Because this feature is per-entity...

The source generator of job is able to service you the if else should this entity be executed perfectly, because job also works entity by entity. Codegen could put code in the other side of partial before arriving at your code in Execute.

In IJobChunk though it naturally require your manual effort. It starts at archetype chunk level and it already landed in your code, where source generator can no longer perform any more hacks for you. Instead, the API design just give you a DIY kit of the mask, and helper method for you to apply on your own. See details in the official documentation.

About write access

The equivalent hack of having one bool field in a component and then if on that bool to check if it is enabled, the trick before we have enableable component, to enable / disable the component you would need a write access on that component to edit the bool. Therefore any job that need to only read this component will need to wait for the one that could write.

It is the same with official enableable component. If you want to flip the enable/disable status in-job you need a write permission on that component, and it'll affect scheduling as expected.

But since the bool that existed in the hack is now hidden and built-in as a 128-bit mask instead (and they provided efficient code that would flip one bit in this long mask as good as you flipping one bool yourself), you can no longer just add that component as a part of query and just enabledFlag = false/true.

If main thread, you can use EntityManager, or use EnabledRefRO<T> and EnabledRefRW<T> as a part of idiomatic foreach (SystemAPI.Query).

The dedicated method to do that from job is available in ComponentLookup<T>. And passing the lookup into the job will properly add write dependency. Here are relevant ones.

IsComponentEnabled(Entity entity) : bool
IsComponentEnabled(SystemHandle systemHandle) : bool
SetComponentEnabled(SystemHandle systemHandle, bool value) : void
SetComponentEnabled(Entity entity, bool value) : void
GetEnabledRefRW<T2>(Entity entity) : EnabledRefRW<T2>
GetComponentEnabledRefRWOptional<T2>(Entity entity) : EnabledRefRW<T2>
GetEnabledRefRO<T2>(Entity entity) : EnabledRefRO<T2>
GetComponentEnabledRefROOptional<T2>(Entity entity) : EnabledRefRO<T2>

EntityCommandBuffer and its parallel version can also work on enabling / disabling the component from job, but scheduled for later.

// Standard
SetComponentEnabled<T>(Entity e, bool value) : void
SetComponentEnabled(Entity e, ComponentType componentType, bool value) : void

// ParallelWriter
SetComponentEnabled<T>(int sortKey, Entity e, bool value) : void
SetComponentEnabled(int sortKey, Entity e, ComponentType componentType, bool value) : void

Lastly if your job is iterating by ArchetypeChunk, there are extensive functions to work with enabled status. Normal ones that takes in entity index in chunk to flip one bit. Advanced ones that enable/disable the entire chunk (ones with ForAll suffix), or even get just the bits and mask which I can't even think of real use case of.

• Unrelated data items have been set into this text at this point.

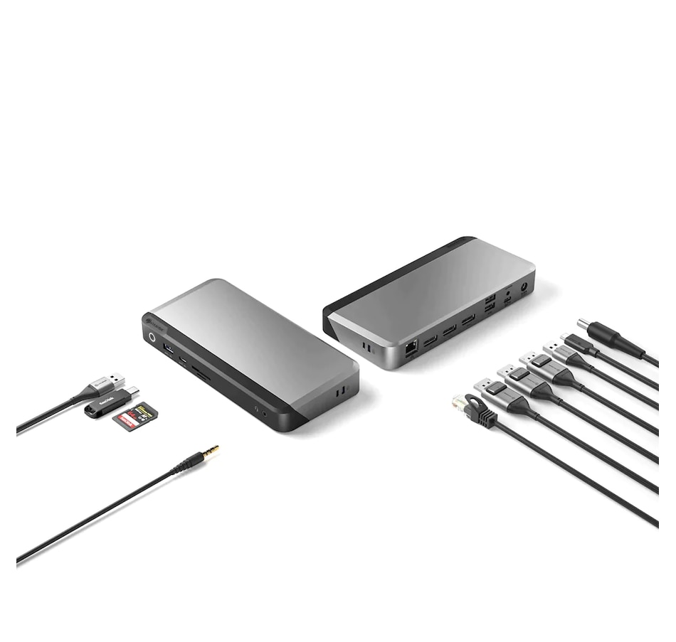• Ports: (1) USB-C upstream (for host connection, supports 100W PD); (3) DisplayPort 1.2 (4K 60 Hz); (4) USB-A 3.0 (5 Gbps); (1) USB-C 3.1 Gen 1 (5 Gbps, data only), (1) Gigabit Ethernet; (1) 3.5-mm audio combo jack (headphone/microphone); (1) SD card reader (UHS-I); (1) microSD card reader (UHS-I)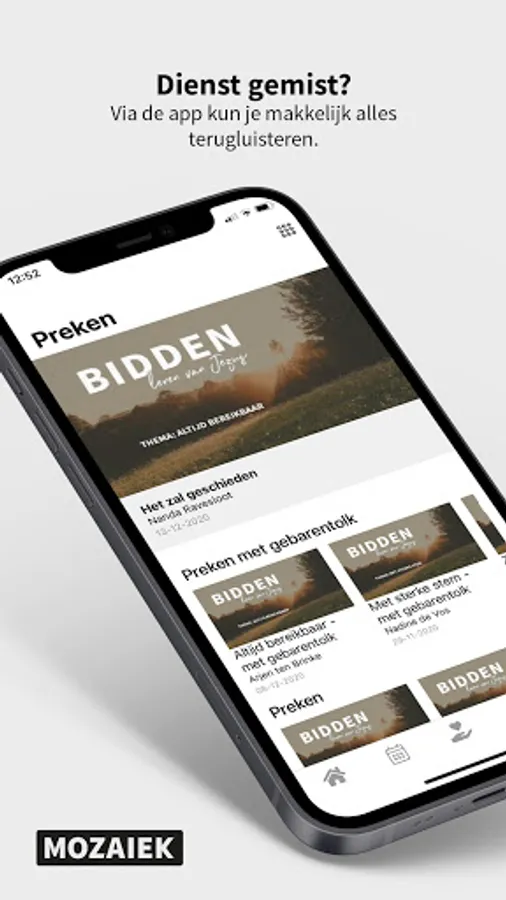 With this app you are directly, securely and privately connected to your Mozaiek municipality. You can find information, listen to sermons and contact your congregation. Are you part of a team? Then you can also find your timetables or indicate your availability in the app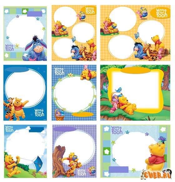 Отличный вариант оформления детских фотографий - рамки с любимым медвежонком Винни и его весёлыми друзьями.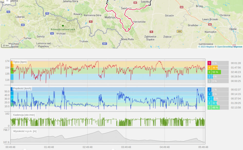 spidelli Napisano 28 Maja 2023 Napisano 28 Maja 2023 @FigoiFago Masz podjazd z Zagórza do Sokolca zaliczony? To jest 10 km pod górę, początek taki sobie ale końcówka już dość mocno nachylona. Ja tam wjeźdżam już siłą woli (wcześniej mam jeszcze kilka podjazdów, np. Bogaczowice, Struga, Dziećmorowice). Najbardziej cierpię, jak mnie goście na szoskach mijają na tej ściance na końcu To fragment mojego tripa na 300 km - zaznaczony odcinek najbardziej górzysty - okolice Wałbrzycha i Góry Sowie, na dokładkę Tąpadła - wygląda jak zmarszczka. Niestety nie mam całego tripa w jednym pliku, bo padł mi licznik, kilka kilometrów dograłem jeszcze na nim, a pozostałe 60 - na zegarku. Cytuj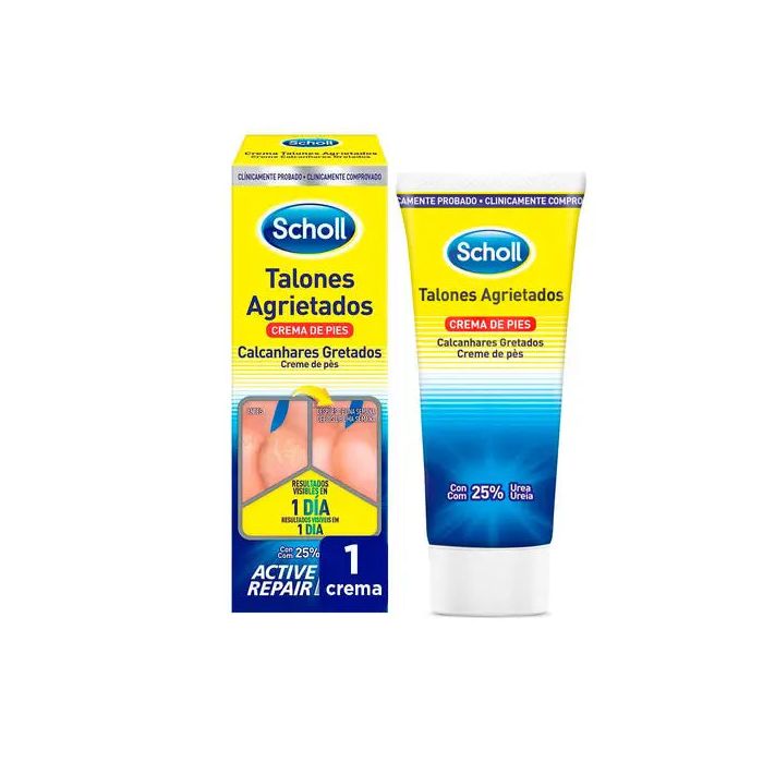 La Crema Para Talones Agrietados de Scholl, está diseñada con la última tecnología Scholl Active Repair K +, que fusiona un 25% de Urea y Keratina para un talón más suave y libre de grietas, en tan solo un día de tratamiento.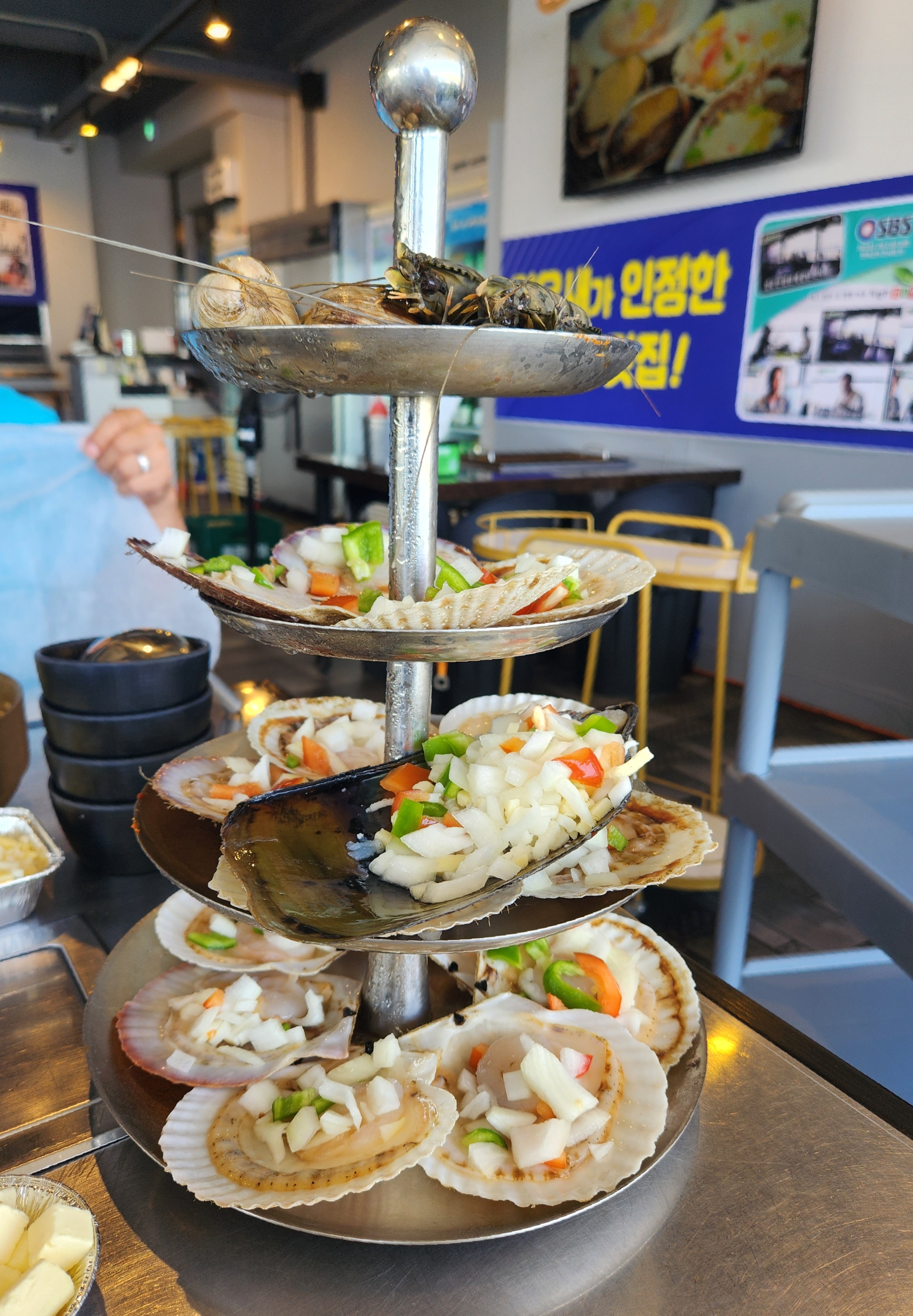 가장 먼저 3단 조개구이 먼저 나왔는데요.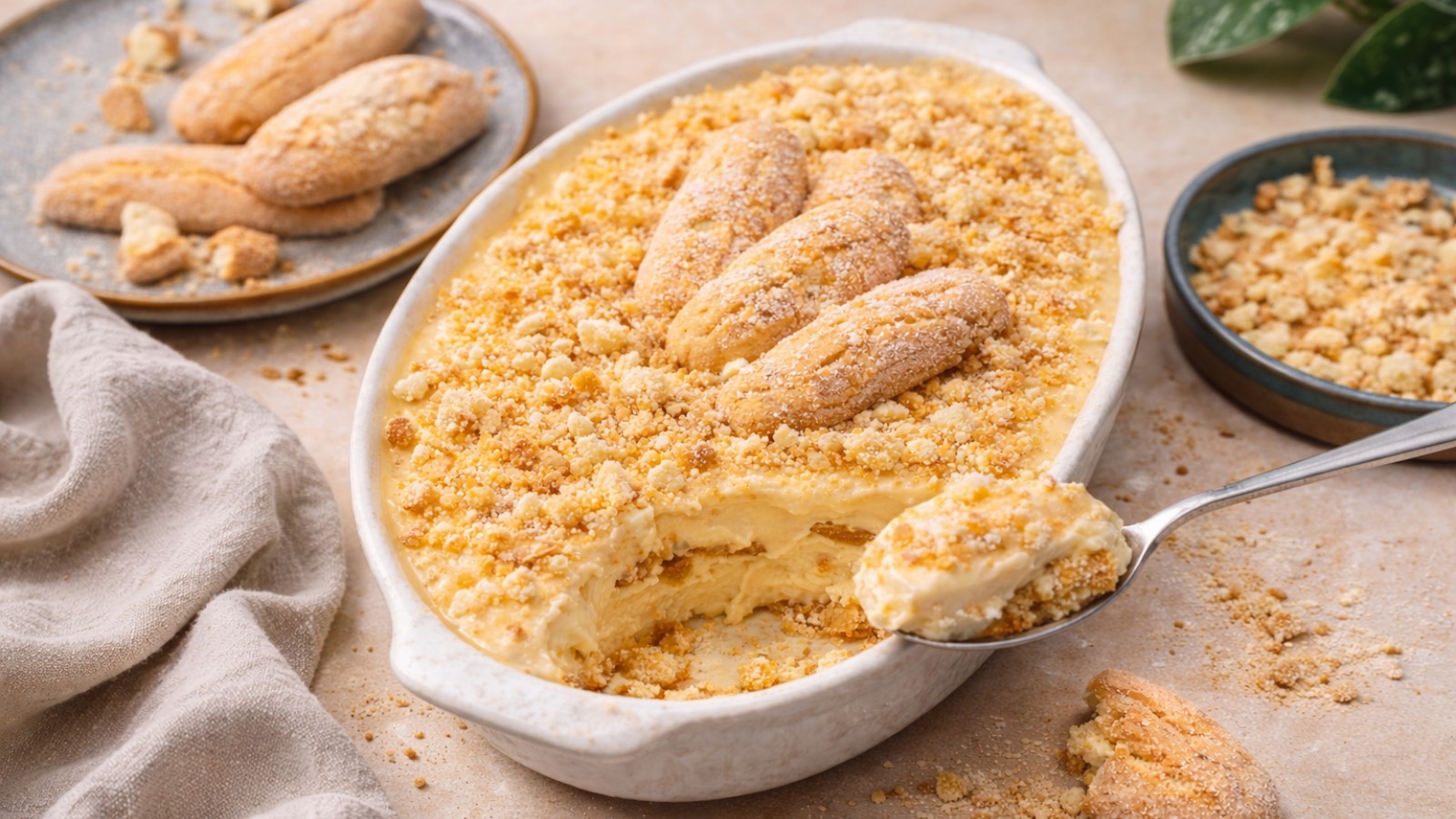 Numa travessa, disponha uma camada de creme. Molhe a bolacha Maria/maizena em leite e faça uma camada de bolacha.

IsComponentEnabled<T>(ref ComponentTypeHandle<T> typeHandle, int entityIndexInChunk) : bool
IsComponentEnabled<T>(ref BufferTypeHandle<T> bufferTypeHandle, int entityIndexInChunk) : bool
IsComponentEnabled(ref DynamicComponentTypeHandle typeHandle, int entityIndexInChunk) : bool

SetComponentEnabled<T>(ref ComponentTypeHandle<T> typeHandle, int entityIndexInChunk, bool value) : void
SetComponentEnabled<T>(ref BufferTypeHandle<T> bufferTypeHandle, int entityIndexInChunk, bool value) : void
SetComponentEnabled(ref DynamicComponentTypeHandle typeHandle, int entityIndexInChunk, bool value) : void

SetComponentEnabledForAll<T>(ref ComponentTypeHandle<T> typeHandle, bool value) : void
SetComponentEnabledForAll<T>(ref BufferTypeHandle<T> bufferTypeHandle, bool value) : void
SetComponentEnabledForAll(ref DynamicComponentTypeHandle typeHandle, bool value) : void

GetEnableableBits(ref DynamicComponentTypeHandle handle) : v128
GetEnabledMask<T>(ref ComponentTypeHandle<T> typeHandle) : EnabledMask

A limit of 128 entities per chunk

That mask having "chunk" in the name being 128 bits meant that we could only flag up to 128 entities as enabled or disabled per chunk.

The internal ChunkIterationUtility.cs has GetEnabledMask that creates this mask for one component of a chunk we could take a look. (And wow, a lot of care for creating just this 128 bit mask fast!)  And sure enough there are hard-coded 128 around here. If you follow the code, you would eventually reach TypeManager.cs explicitly defining public const int MaximumChunkCapacity = 128; so I think that's it. Chunk right now has 2 hard limits : 16 KiB size and max 128 entities.

You can see this fact in the Archetypes debugger. An archetype of just 16 B each should be able to fit 1000 entities per chunk before the advent of enableable and the mask feature. Now it is capped to 128 entities. You could also say an archetype has "optimal size" of ~125 B where you get your full worth of 128 entities limit.

Is this worrying? (You might fear that for every 128 entities of single component data iteration, cache would need to jump to the next chunk's native array, instead of once every ~1000 entities) I think no. I have code some simple application with DOTS and with many kind of components added up together, it could approach that 125 B number fast. I think they have sufficiently looked at actual DOTS application for average archetype size before deciding on this 128 bit mask thing.

But you should not optimize for enableable

We now know if you disable just a few entities here and there (to be precise, disabled 4 or less entities in each chunk) OR you can disable a lot of consecutive entities in a chunk, it would fall into a good pattern with consecutive data while iterating.

But having to keep in mind which chunk you are working on and whether you have hit the 4 quota or not (more than 4 if you use more than 1 chunk for that archetype, now you don't even know what is the quota!), or whether this entity is next to that entity or not, I think is not worth thinking about. Technical details of deleting an entity in the middle of chunk will also just pick the last one to fill the hole, if that entity is currently disabled, you will create an "edge" in the mask as well.

Unity refined Entities API to let you focus on what mattered already, better not to bring those back. Just enable / disable stuff at will and be happy that it is likely very fast and all burstable. And remember that the point of enableable components are that the enable / disable patterns could be chaotic and frequent, otherwise you would rather slap on a tag component to kick it to a different archetype with a structural change.

(In the end, the benefit of this article is just so I'm no longer curious so thats good!)